There is a version of this proposal that has real teeth: mandatory pre-release evaluations conducted by independent technical experts, with results that are binding rather than advisory. There is also a version that ends up functioning as a public relations exercise – voluntary participation, self-reported results, and standards written by committees with strong industry representation. The distance between those two outcomes depends almost entirely on how such a body would be structured, funded, and empowered to act.
The Timing of the Proposal
Hassabis is making this call at a moment when AI regulation globally is fragmented and contested. The European Union’s AI Act is the most comprehensive framework in effect, but its provisions for frontier models remain a point of ongoing debate. In the United States, federal AI legislation has stalled repeatedly, and executive action has moved in different directions under different administrations. The UK has positioned itself as a governance hub but lacks binding authority. No international consensus mechanism for AI safety standards currently exists.
Into that vacuum, the proposal for a FINRA-style body is both timely and convenient for AI labs. Timely because the absence of standards is becoming increasingly difficult to defend publicly as AI systems grow more capable. Convenient because a self-regulatory model – if designed by industry insiders – gives labs significant influence over what those standards actually require. Whether Hassabis’s proposal is primarily a good-faith safety initiative or a strategic effort to define the terms of oversight before governments do is a question the details of any actual implementation would have to answer.

What Comes Next
A proposal is not a policy. For a standards body of this kind to take shape, it would need buy-in from multiple frontier labs, agreement on governance structure, a funding mechanism, and some form of legal authority – either granted by governments or enforced through industry norms and reputational pressure. None of that is in place. What exists right now is a high-profile CEO making a public argument, which is nonetheless how many policy processes actually begin.
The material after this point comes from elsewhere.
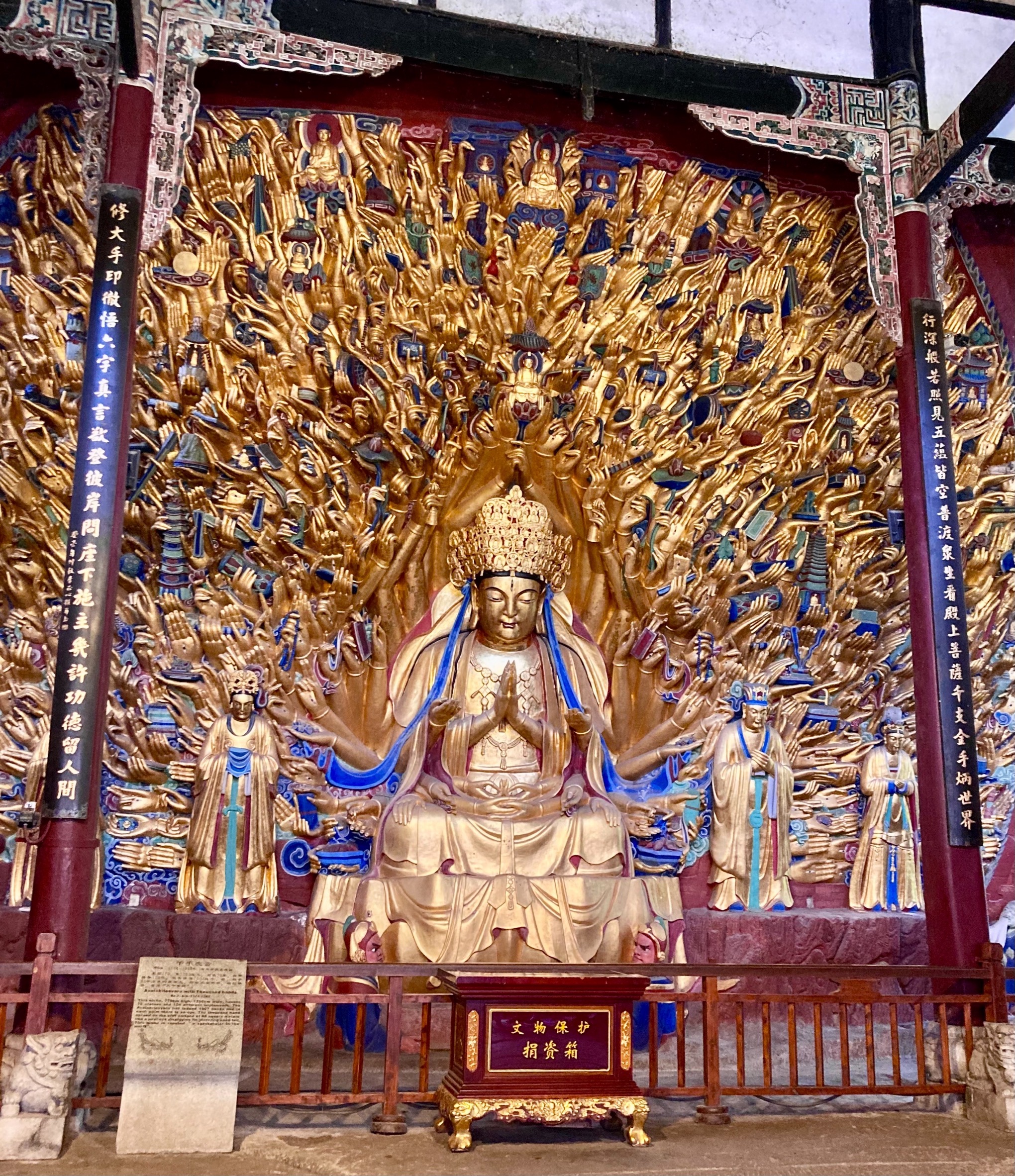 お写真のまばゆい**「千手観音像」**は、8年がかりで最先端の科学技術と伝統工芸を駆使して修復されたものです。100万枚以上の金箔が貼り直され、南宋時代に作られた当時の圧倒的な輝きを見事に現代に蘇らせました。

DeepMind occupies a specific position in this conversation. It is a subsidiary of Alphabet, which gives it both the resources to push for institutional change and the corporate pressures that make any regulatory outcome consequential to its bottom line. Hassabis has been one of the more vocal figures in AI on the subject of long-term safety – he co-founded the field of AI safety research in many respects – but his institutional role means his proposals will always be read partly through that lens.
The FINRA analogy will likely face scrutiny from multiple directions: from those who think AI risks are too serious for a self-regulatory approach, from those who think any new oversight body will stifle innovation, and from regulators in different jurisdictions who may see it as an attempt to preempt their authority. Hassabis has put a specific model on the table. Whether anyone else is willing to build it on his terms – or whether governments move first and build something he did not design – is the actual open question.